> [Records]:
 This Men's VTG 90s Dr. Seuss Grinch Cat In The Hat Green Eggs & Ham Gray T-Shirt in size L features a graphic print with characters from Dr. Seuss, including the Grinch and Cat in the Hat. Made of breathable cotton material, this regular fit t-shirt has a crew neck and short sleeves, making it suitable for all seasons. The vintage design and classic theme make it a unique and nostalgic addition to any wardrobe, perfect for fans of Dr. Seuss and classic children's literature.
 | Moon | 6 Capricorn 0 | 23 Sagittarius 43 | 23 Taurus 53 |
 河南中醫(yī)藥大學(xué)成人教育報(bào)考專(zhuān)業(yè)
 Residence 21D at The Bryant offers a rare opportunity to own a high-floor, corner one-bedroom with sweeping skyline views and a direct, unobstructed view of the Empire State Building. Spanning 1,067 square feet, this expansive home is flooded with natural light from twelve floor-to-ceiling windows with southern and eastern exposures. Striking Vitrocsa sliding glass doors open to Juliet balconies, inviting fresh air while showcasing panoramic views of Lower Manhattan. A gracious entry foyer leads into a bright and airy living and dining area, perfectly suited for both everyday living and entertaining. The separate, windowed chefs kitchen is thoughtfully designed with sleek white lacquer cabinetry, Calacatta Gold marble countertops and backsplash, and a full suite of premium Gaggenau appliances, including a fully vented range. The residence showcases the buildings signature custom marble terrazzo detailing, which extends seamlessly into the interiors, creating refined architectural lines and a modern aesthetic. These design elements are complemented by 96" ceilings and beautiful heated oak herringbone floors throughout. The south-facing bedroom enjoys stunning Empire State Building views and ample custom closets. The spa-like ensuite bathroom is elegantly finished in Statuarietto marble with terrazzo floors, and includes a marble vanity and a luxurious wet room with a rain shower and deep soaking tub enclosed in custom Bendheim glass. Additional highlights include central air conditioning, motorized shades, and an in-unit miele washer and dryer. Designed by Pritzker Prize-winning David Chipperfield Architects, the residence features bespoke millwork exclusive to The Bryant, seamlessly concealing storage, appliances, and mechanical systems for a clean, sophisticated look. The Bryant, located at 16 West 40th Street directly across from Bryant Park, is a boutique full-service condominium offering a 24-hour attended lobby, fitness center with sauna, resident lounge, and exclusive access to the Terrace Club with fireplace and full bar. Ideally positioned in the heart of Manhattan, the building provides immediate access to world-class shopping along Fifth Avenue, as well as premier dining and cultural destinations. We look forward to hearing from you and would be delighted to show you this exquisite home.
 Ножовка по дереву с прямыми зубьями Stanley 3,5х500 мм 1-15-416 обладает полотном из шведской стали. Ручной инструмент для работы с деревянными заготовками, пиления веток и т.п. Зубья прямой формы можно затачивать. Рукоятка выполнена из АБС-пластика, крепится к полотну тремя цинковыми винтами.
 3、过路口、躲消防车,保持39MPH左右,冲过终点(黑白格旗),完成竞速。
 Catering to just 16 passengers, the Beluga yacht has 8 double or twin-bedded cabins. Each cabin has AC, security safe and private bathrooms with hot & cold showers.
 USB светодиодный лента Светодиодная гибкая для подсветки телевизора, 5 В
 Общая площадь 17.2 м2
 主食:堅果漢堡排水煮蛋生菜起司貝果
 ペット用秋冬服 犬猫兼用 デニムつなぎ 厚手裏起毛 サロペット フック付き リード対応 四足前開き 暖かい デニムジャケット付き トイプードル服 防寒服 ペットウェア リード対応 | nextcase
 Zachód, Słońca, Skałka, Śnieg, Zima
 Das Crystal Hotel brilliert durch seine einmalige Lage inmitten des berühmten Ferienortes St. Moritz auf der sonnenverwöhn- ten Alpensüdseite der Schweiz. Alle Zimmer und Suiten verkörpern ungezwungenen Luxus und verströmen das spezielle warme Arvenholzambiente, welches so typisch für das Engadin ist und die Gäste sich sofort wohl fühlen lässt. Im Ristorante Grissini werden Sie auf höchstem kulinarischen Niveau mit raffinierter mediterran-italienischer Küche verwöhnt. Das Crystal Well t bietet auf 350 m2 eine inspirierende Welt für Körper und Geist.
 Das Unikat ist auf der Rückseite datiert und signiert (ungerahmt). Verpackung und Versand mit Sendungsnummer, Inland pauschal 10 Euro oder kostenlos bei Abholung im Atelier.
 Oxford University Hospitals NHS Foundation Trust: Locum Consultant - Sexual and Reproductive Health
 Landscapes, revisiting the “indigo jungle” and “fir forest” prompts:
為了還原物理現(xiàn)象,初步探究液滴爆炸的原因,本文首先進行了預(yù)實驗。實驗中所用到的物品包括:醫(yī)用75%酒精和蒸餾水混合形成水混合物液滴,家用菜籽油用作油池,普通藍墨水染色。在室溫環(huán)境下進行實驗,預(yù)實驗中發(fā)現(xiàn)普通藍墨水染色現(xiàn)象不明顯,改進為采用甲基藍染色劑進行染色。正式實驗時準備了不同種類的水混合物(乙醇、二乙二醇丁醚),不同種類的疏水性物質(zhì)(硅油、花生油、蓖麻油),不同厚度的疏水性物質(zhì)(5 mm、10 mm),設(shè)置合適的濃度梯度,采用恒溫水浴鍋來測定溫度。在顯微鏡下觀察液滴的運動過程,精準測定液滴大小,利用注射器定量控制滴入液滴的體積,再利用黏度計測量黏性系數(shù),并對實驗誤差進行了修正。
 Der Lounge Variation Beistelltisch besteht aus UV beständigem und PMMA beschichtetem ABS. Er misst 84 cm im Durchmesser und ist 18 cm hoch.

> [Task statement]: Retype only this range exactly: the first line of the data through the line where "河南中醫(yī)藥大學(xu" appears.

> [Solved problem]:
 This Men's VTG 90s Dr. Seuss Grinch Cat In The Hat Green Eggs & Ham Gray T-Shirt in size L features a graphic print with characters from Dr. Seuss, including the Grinch and Cat in the Hat. Made of breathable cotton material, this regular fit t-shirt has a crew neck and short sleeves, making it suitable for all seasons. The vintage design and classic theme make it a unique and nostalgic addition to any wardrobe, perfect for fans of Dr. Seuss and classic children's literature.
 | Moon | 6 Capricorn 0 | 23 Sagittarius 43 | 23 Taurus 53 |
 河南中醫(yī)藥大學(xué)成人教育報(bào)考專(zhuān)業(yè)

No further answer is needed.